Recently, I’ve seen an increasing number of posts in various children and youth pastor’s forums about how to rebuild an adult leadership team that’s been decimated by the pandemic. It seems that as many people switched to virtual ministry, their ministries became (sometimes intentionally so and sometimes not) dependent only on them. Now, with the vaccine on the horizon, people are beginning to dream of post-pandemic life. Many have found themselves panicked over the thought of having to restart in-person ministry with essentially no leaders.
In so many ways, I get it. Sometimes, it’s far easier to do ministry alone than it is to enlist other adult leaders. But it’s also unhealthy.
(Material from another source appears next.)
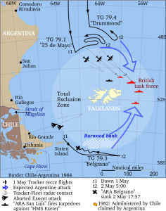 Το βρετανικό υποβρύχιο HMS Conqueror βυθίζει το Αργεντινό καταδρομικό ARA General Belgrano, στην πρώτη τορπιλική επίθεση από πυρηνικό υποβρύχιο.
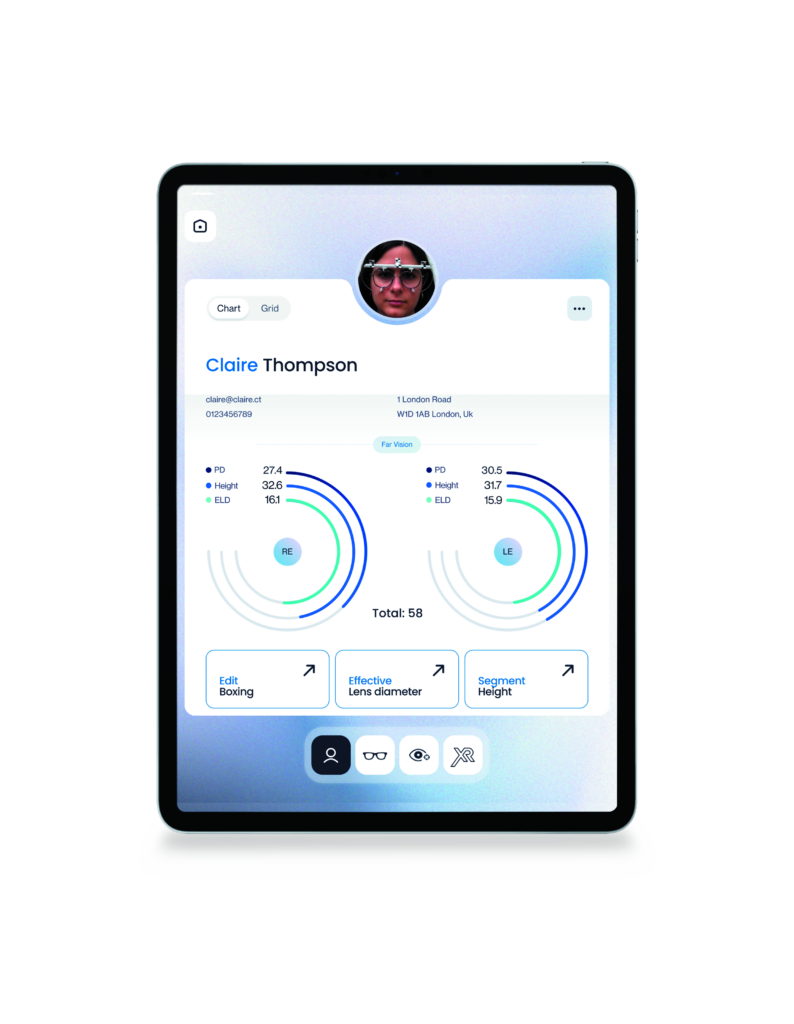 EYERULER2PRO is a compact iPad Pro-based measurements solution providing highly-accurate centration parameters for entry-level to high-end lenses. It also includes a frame comparison module enabling the ECP and client to choose the most adapted frame.

So, if this is where you find yourself, it’s time to begin thinking about post-pandemic leadership NOW, even if you’re still meeting virtually.
With that in mind, here are 4 ways that you can and should utilize leaders in virtual ministry.
1. If you’re recording virtual messages for children or youth ministry, share the wealth! Instead of feeling the pressure to record every message yourself, enlist people you’d like on your leadership team and ask them to help record virtual messages – either by teaching themselves or by handling your tech.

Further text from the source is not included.